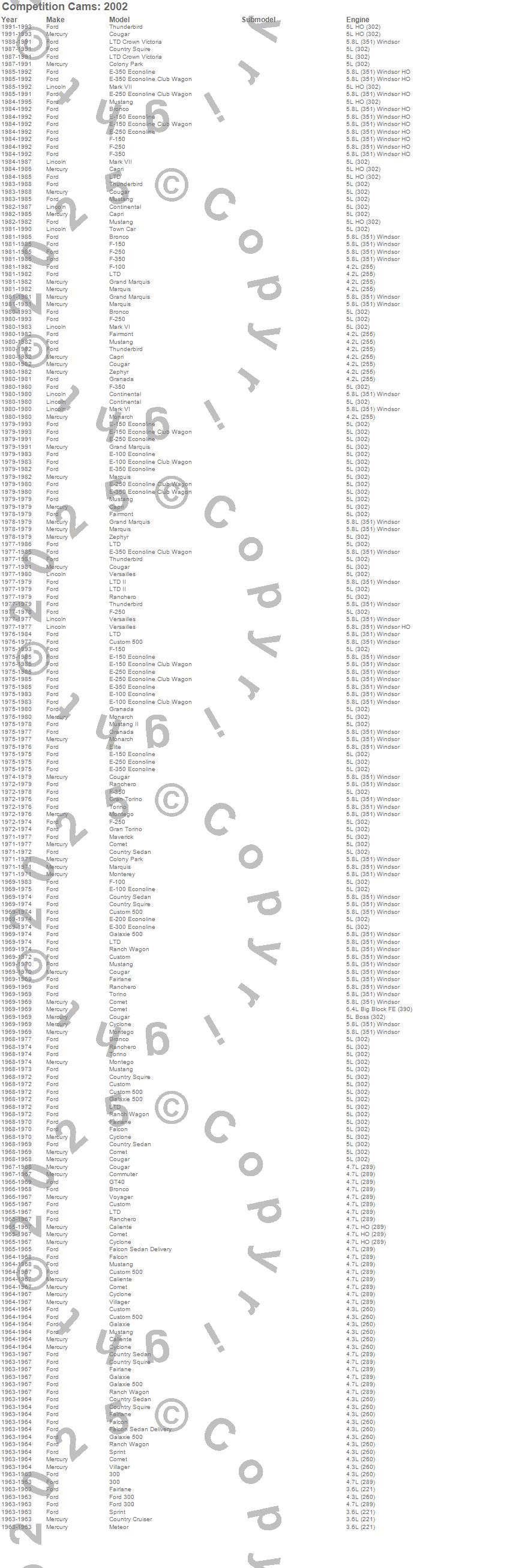 Bronco, Caliente, Capri, Colony Park, Comet, Commuter, Continental, Cougar, Country Cruiser, Country Sedan, Country Squire, Custom, Custom 500, Cyclone, E-100 Econoline, E-100 Econoline Club Wagon, E-150 Econoline, E-150 Econoline Club Wagon, E-200 Econoline, E-250 Econoline
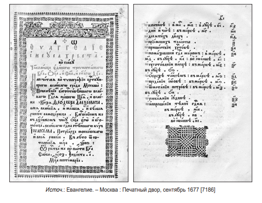 - (26) см.: Евангелие. – Москва : Печатный двор, сентябрь 1677 [7186].
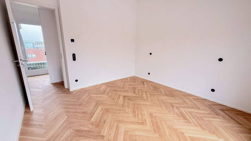 Die Wohnung verfügt über ein offenes Raumkonzept mit großzügigen Fensterflächen und guter Belichtung. Der Wohn-, Ess- und Küchenbereich umfasst ca. 40 m² und bildet den zentralen Aufenthaltsbereich. In der gesamten Wohnung wurde neuer, hochwertiger Fischgrätparkett verlegt. Decken-Einbauspots sorgen für eine gleichmäßige Beleuchtung, zusätzlich ist in allen Räumen eine Fußbodenheizung installiert.
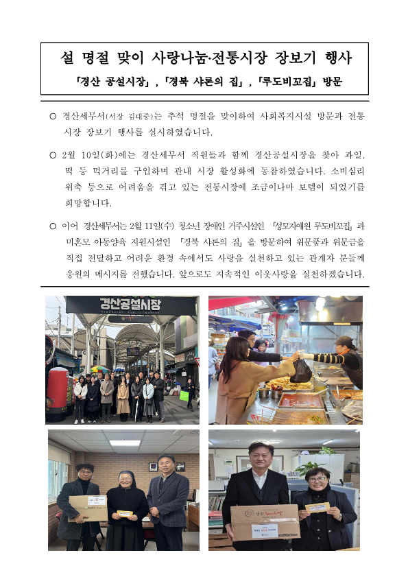 설맞이 이웃돕기 위문행사·전통시장 장보기
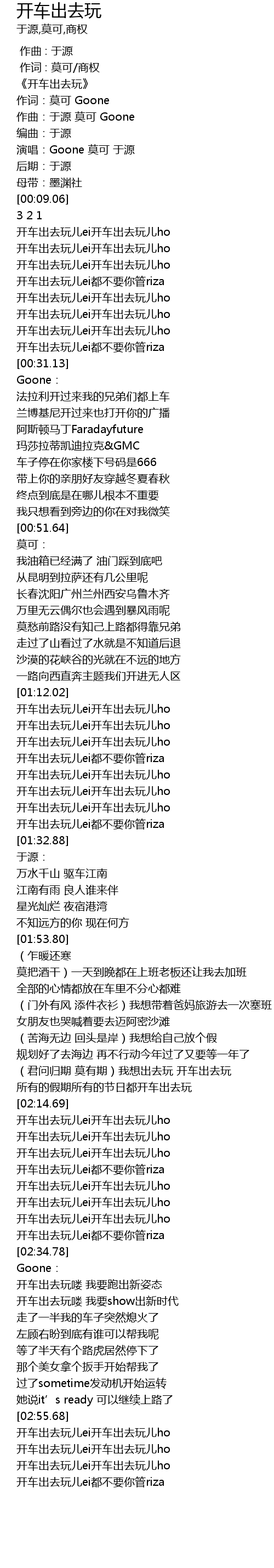 | [03:00.98] | 开车出去玩儿ei开车出去玩儿ho |
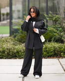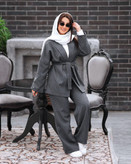 کت یقه آرشال کمربند دار و شلوار بگ راسته

----

• _Exercise goal_:
Extract exactly the lines above from the line containing "[03:00.98] | 开车出去玩儿ei开车出去玩儿ho |" through the last one, both ends included, but not the pictures.

• _Response_:
 | [03:00.98] | 开车出去玩儿ei开车出去玩儿ho |
 کت یقه آرشال کمربند دار و شلوار بگ راسته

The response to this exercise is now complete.